Getting your sales page written is a doozy.
You should be proud. Seriously, pat yourself on the back.
Once you’ve written out the copy and made sure that you have all the key elements of a good sales page, it’s time to take another look at the design of the page to make sure it supports that stellar copy.
New around here?
Two Font or Not Two Fonts?
You'll often read/hear that you should choose at least two fonts in your branding.
We're not talking about branding, per se...
Your sales page certainly can use your brand font, but it doesn't need to use all of them.
Here's how you can get away with using only one font...
You can make just one font look and feel different throughout the page by utilizing different sizes and thicknesses.
Are there certain "colors that sell" on your sales page?
Well, yes and no.
You can read about split tests done by funnel wizards (cue Russell Brunson) and I'm sure that's legit.
But let's step back for a moment.
We need to have a conversation about what you're selling.
Are you wheeling and dealing a baby offer running cold ad traffic to a sales page?
Well, the colors you use for the buttons on a page like that might make a difference for conversions.
If that's the case, check out what Russell found out testing yellow versus red.
But if you're creating sales pages for your signature offers.
We're talking medium to high ticket...
...then Russell's split test may not be what you're looking for.
Generally speaking, I recommend keeping the sales page in line with your branding.
That means fonts and colors.
However, the one caveat to this would be your buttons.
You want to make sure that they really POP.
In order to do this, you need to have a bold and dark color.
If your color palette is mainly pastel, I recommend using one of your brand hues but darkening it for the call to action buttons.
The other part of color has to do with your background.

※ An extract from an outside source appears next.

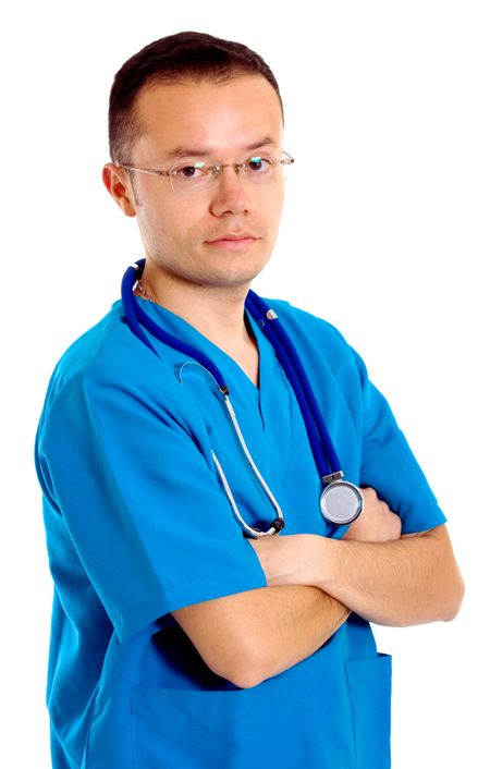 male nurse portrait over a white background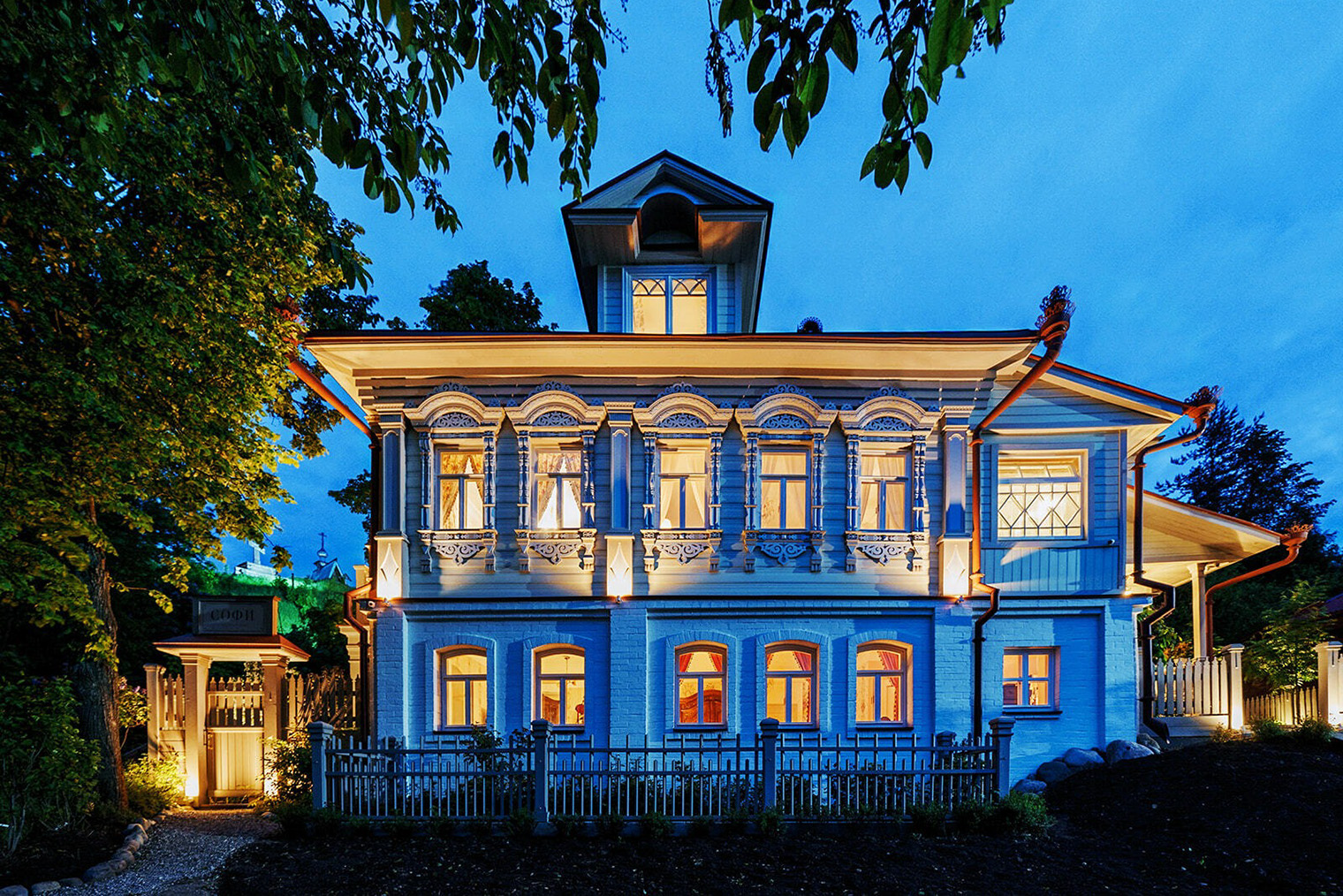 История. Строго говоря, это новодел: здание воспроизвели по канонам классической усадьбы, которая когда-то стояла в этой части Плеса. Но если об этом не знать, то кажется, что с 19 века в доме мало что поменялось. Декоративные детали скопированы с несохранившихся фасадов плесских купеческих домов, а многие элементы здания изготовлены вручную.

You want to have a mix of pictures, solid colors, and plain white for the background of your change.
I tend to alternate these three to make it easy to see the different sections.
It helps your reader's eyes go to the sections they want and helps the skimmers see what they need to see quickly.
I also recommend consistency with backgrounds. So, for example, I'd have the pricing section look the same throughout the page, and I always try to make the background of testimonials really stand out and be consistent.
I'm not talking about planets and stars.
Your readers need time to breathe.
Spacing on the page gives them this time.
You don't want to cram all your writing together.
Utilize blocks of white space to give the reader pause.
Make sure that you have blank space between sections and prior to your main headlines. You can also vary the widths of your columns so that some sections have writing just in the center third of the page, while other sections span the width of the page.
Rule of thumb: Have more space than you're comfortable with, and it's probably a good amount!